Imagine we were trying to predict mpg of a car.  Lets create 2 random columns, *predicted mpg* and *predicted_mpg_2* , that we will assume were predicted with 2 different machine learning models.

In [None]:
mtcars.head()

#### Create synthetic values for each prediction (demo purpose)

In [None]:
np.random.seed(99)  # this ensures repeatability of results - our results should be the same.
mtcars['predicted_mpg'] = np.random.randint(15, 30, mtcars.shape[0])
mtcars['predicted_mpg_2'] = np.random.randint(18, 26, mtcars.shape[0])

In [None]:
mtcars.head(10)

#### Print out the dimensions of the DataFrame using the `.shape` attribute:

In [None]:
# Preview data dimensions.
mtcars.shape

#### Print out the data types of the columns using the `.dtypes` attribute:

In [None]:
# What are the column data types?
mtcars.dtypes

#### Pull up descriptive statistics for each variable using the built-in `.describe()` function:

In [None]:
# Pull up descriptive statistics for mpg, predicted_mpg and predicted_mpg_2
mtcars[['mpg','predicted_mpg','predicted_mpg_2']].describe()

#### Calculate Euclidean distance between the predicted columns and actual column

In [None]:
#L2 Norm aka Euclidean Distance aka Straight-Line Distance
print('Model 1 L2 Norm:', np.linalg.norm(mtcars['mpg']-mtcars['predicted_mpg']))

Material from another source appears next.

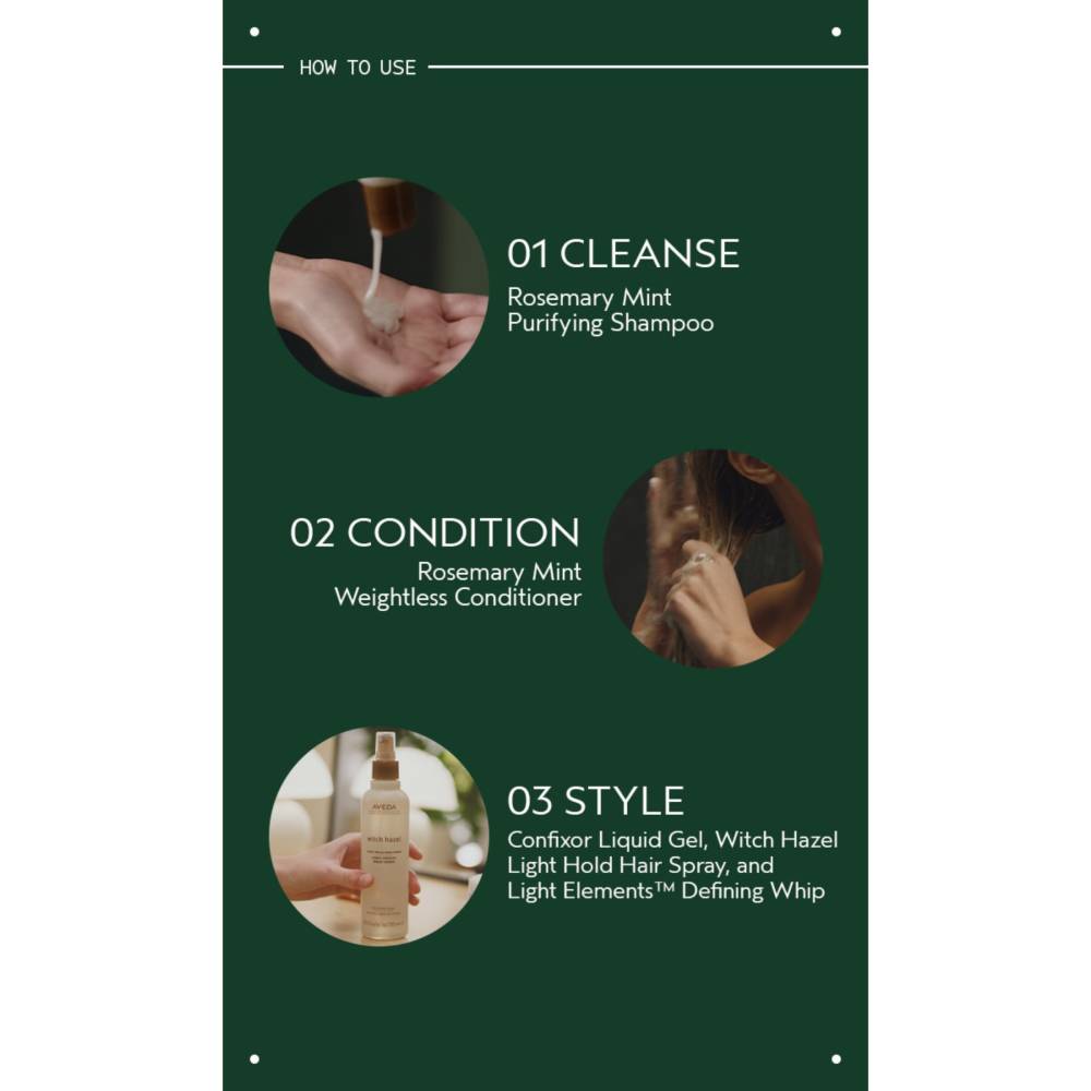 Aveda Rosemary Mint™ Purifying Shampoo is a refreshing and invigorating cleanser designed to deeply purify all hair types, especially those prone to oiliness or buildup. Infused with cooling peppermint and stimulating rosemary essential oils, this shampoo revitalizes the scalp while effectively removing excess oil, impurities, and product residue.

print('Model 2 L2 Norm:', np.linalg.norm(mtcars['mpg']-mtcars['predicted_mpg_2']))

### Exercises:

#### 1. Going the Distance

Calculate the L1 Norm for each prediction.  Look at the help for np.linalg.norm, and specifically the **ord** parameter. (hint:L**1**)


In [None]:
print('Model 1 L1 Norm:', np.linalg.norm(mtcars['mpg']-mtcars['predicted_mpg'], ord=1))

In [None]:
print('Model 2 L1 Norm:', np.linalg.norm(mtcars['mpg']-mtcars['predicted_mpg_2'], ord=1))

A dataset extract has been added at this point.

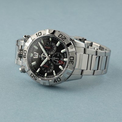 This Festina watch has a case made of stainless steel with a diameter of 45 mm and is fitted with a stainless steel band. Inside the case lies a Seiko Instruments Inc. movement and the watch features a Mineral crystal.

#### 2. Calculate the MAE using numpy.  (hint: nest np.abs into np.mean and np.abs)

In [None]:
print('Model 1 MAE:', np.mean(np.abs(mtcars['mpg']-mtcars['predicted_mpg'])))
print('Model 2 MAE:', np.mean(np.abs(mtcars['mpg']-mtcars['predicted_mpg_2'])))

#### 3. Calculate the MSE using numpy.  (hint: use np.mean and np.square)

In [None]:
print('Model 1 MSE:', np.mean(np.square(mtcars.mpg-mtcars.predicted_mpg)))
print('Model 2 MSE:', np.mean(np.square(mtcars.mpg-mtcars.predicted_mpg_2)))

**Question: What are the units of this error?**

#### 4. Calculate the RMSE using numpy.  (hint: use the MSE calculation and take the square root)

In [None]:
print('Model 1 RMSE:', np.sqrt(np.mean(np.square(mtcars.mpg-mtcars.predicted_mpg))))
print('Model 2 RMSE:', np.sqrt(np.mean(np.square(mtcars.mpg-mtcars.predicted_mpg_2))))

**Question: What are the units of this error?**

#### 5. Based on these metrics, which of these 2 simple models is better at explaining the behavior?